> **Supplied entries**
- - - -

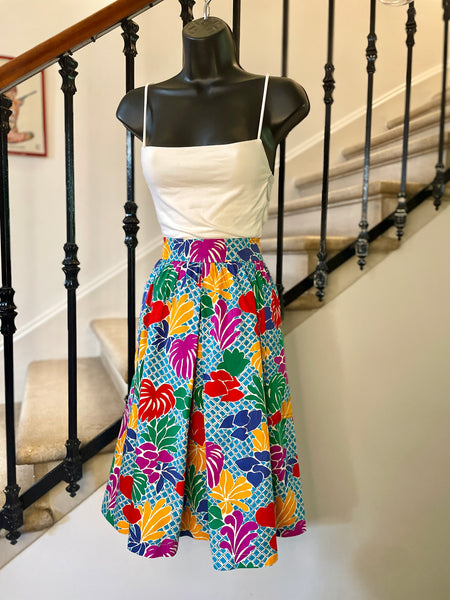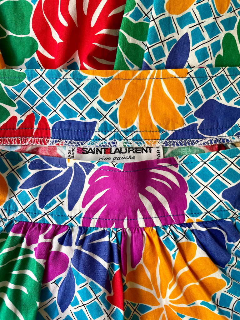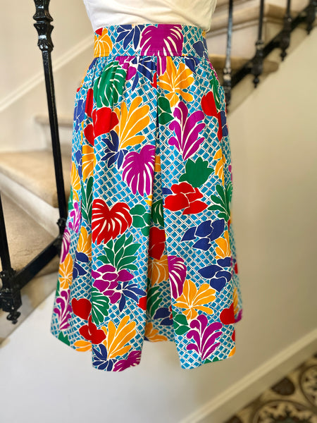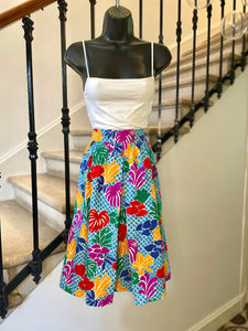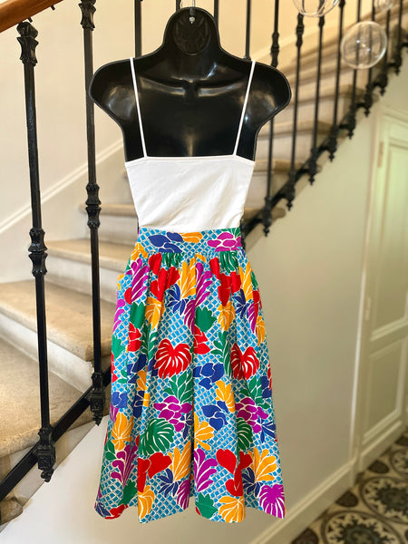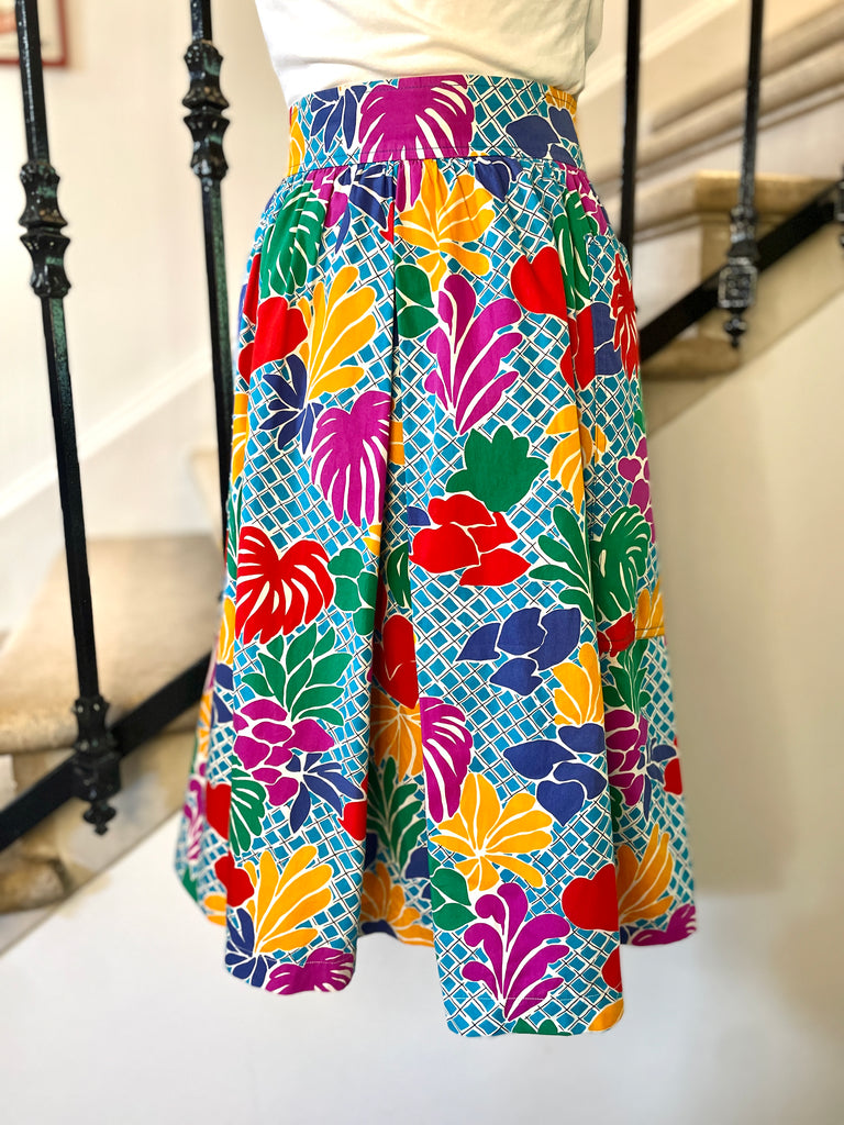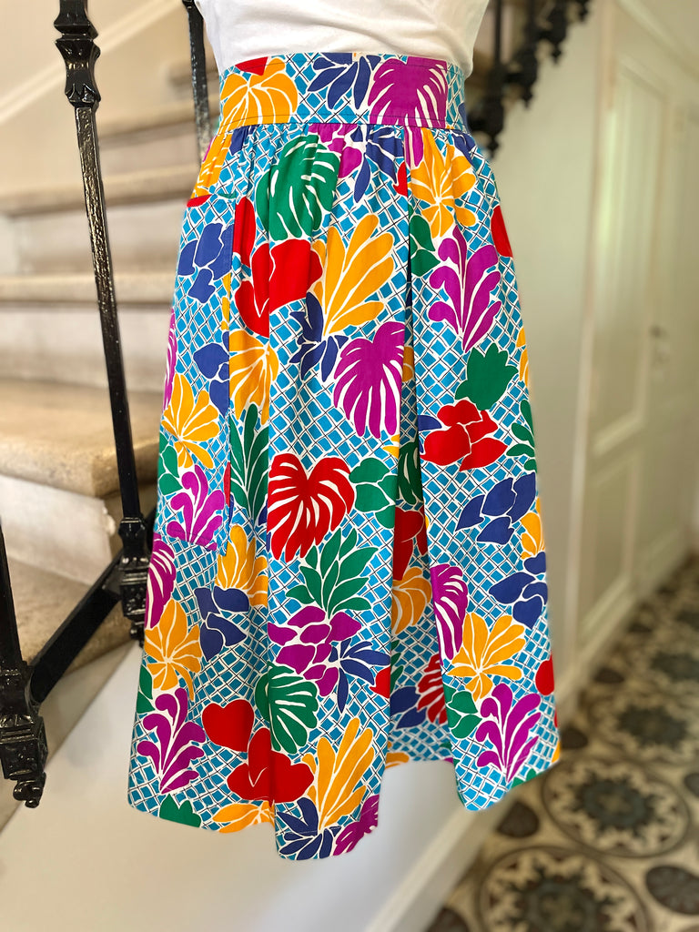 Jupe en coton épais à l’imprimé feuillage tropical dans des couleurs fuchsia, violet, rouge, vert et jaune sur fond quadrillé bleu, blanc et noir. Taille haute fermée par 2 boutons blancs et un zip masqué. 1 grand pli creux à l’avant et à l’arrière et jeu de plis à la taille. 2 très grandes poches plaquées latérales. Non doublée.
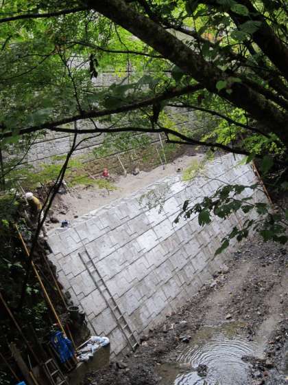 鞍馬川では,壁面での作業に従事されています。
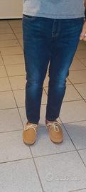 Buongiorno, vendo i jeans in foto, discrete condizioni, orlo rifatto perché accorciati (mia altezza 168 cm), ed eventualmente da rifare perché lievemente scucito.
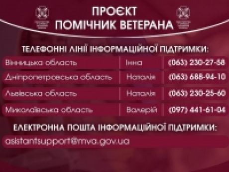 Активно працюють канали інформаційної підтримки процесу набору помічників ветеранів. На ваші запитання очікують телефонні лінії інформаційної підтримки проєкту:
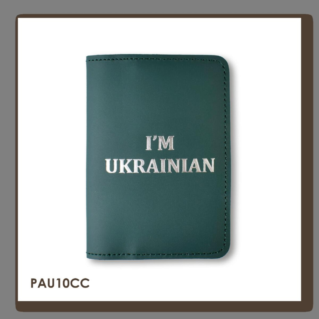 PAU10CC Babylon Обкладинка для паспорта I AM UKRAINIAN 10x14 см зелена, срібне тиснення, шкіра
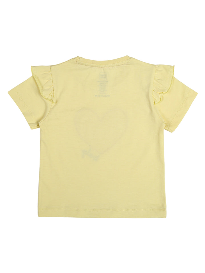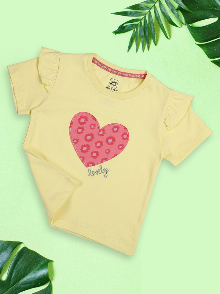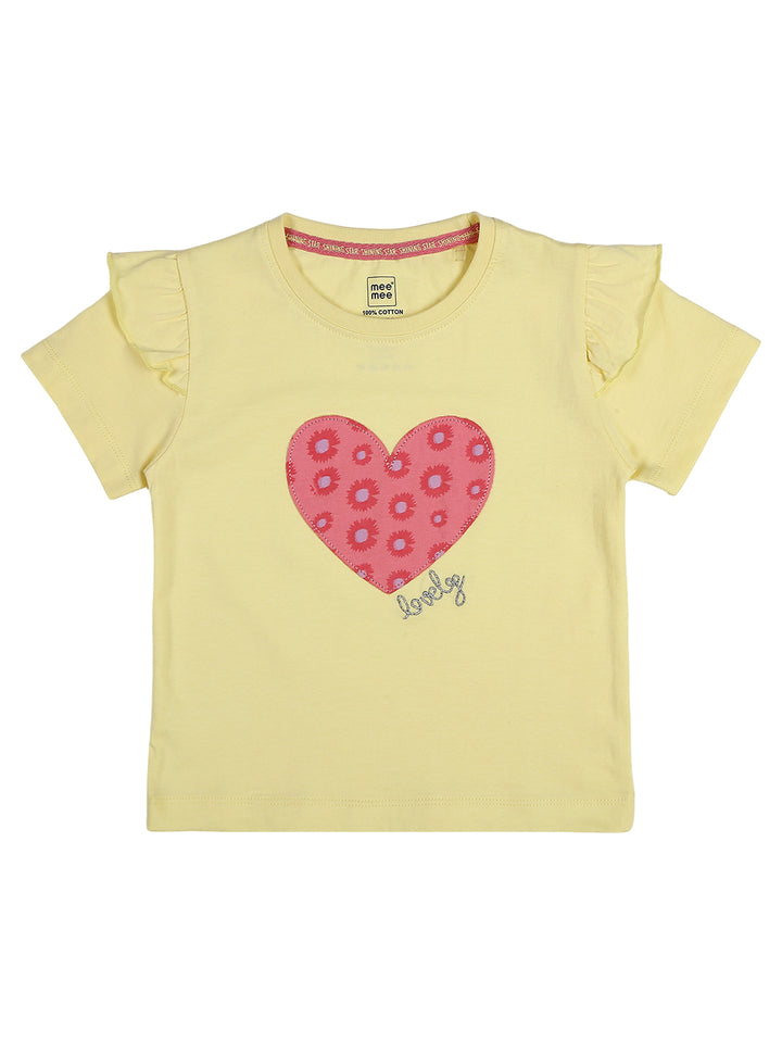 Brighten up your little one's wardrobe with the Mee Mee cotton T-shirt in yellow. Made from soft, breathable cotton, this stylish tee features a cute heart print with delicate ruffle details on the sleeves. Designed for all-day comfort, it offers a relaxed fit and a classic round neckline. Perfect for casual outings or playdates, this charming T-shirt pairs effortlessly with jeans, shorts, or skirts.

- - - -

> **Task instructions**
Give the listing again word for word, without its images.

> **Exercise response**
 Jupe en coton épais à l’imprimé feuillage tropical dans des couleurs fuchsia, violet, rouge, vert et jaune sur fond quadrillé bleu, blanc et noir. Taille haute fermée par 2 boutons blancs et un zip masqué. 1 grand pli creux à l’avant et à l’arrière et jeu de plis à la taille. 2 très grandes poches plaquées latérales. Non doublée.
 鞍馬川では,壁面での作業に従事されています。
 Buongiorno, vendo i jeans in foto, discrete condizioni, orlo rifatto perché accorciati (mia altezza 168 cm), ed eventualmente da rifare perché lievemente scucito.
 Активно працюють канали інформаційної підтримки процесу набору помічників ветеранів. На ваші запитання очікують телефонні лінії інформаційної підтримки проєкту:
 PAU10CC Babylon Обкладинка для паспорта I AM UKRAINIAN 10x14 см зелена, срібне тиснення, шкіра
 Brighten up your little one's wardrobe with the Mee Mee cotton T-shirt in yellow. Made from soft, breathable cotton, this stylish tee features a cute heart print with delicate ruffle details on the sleeves. Designed for all-day comfort, it offers a relaxed fit and a classic round neckline. Perfect for casual outings or playdates, this charming T-shirt pairs effortlessly with jeans, shorts, or skirts.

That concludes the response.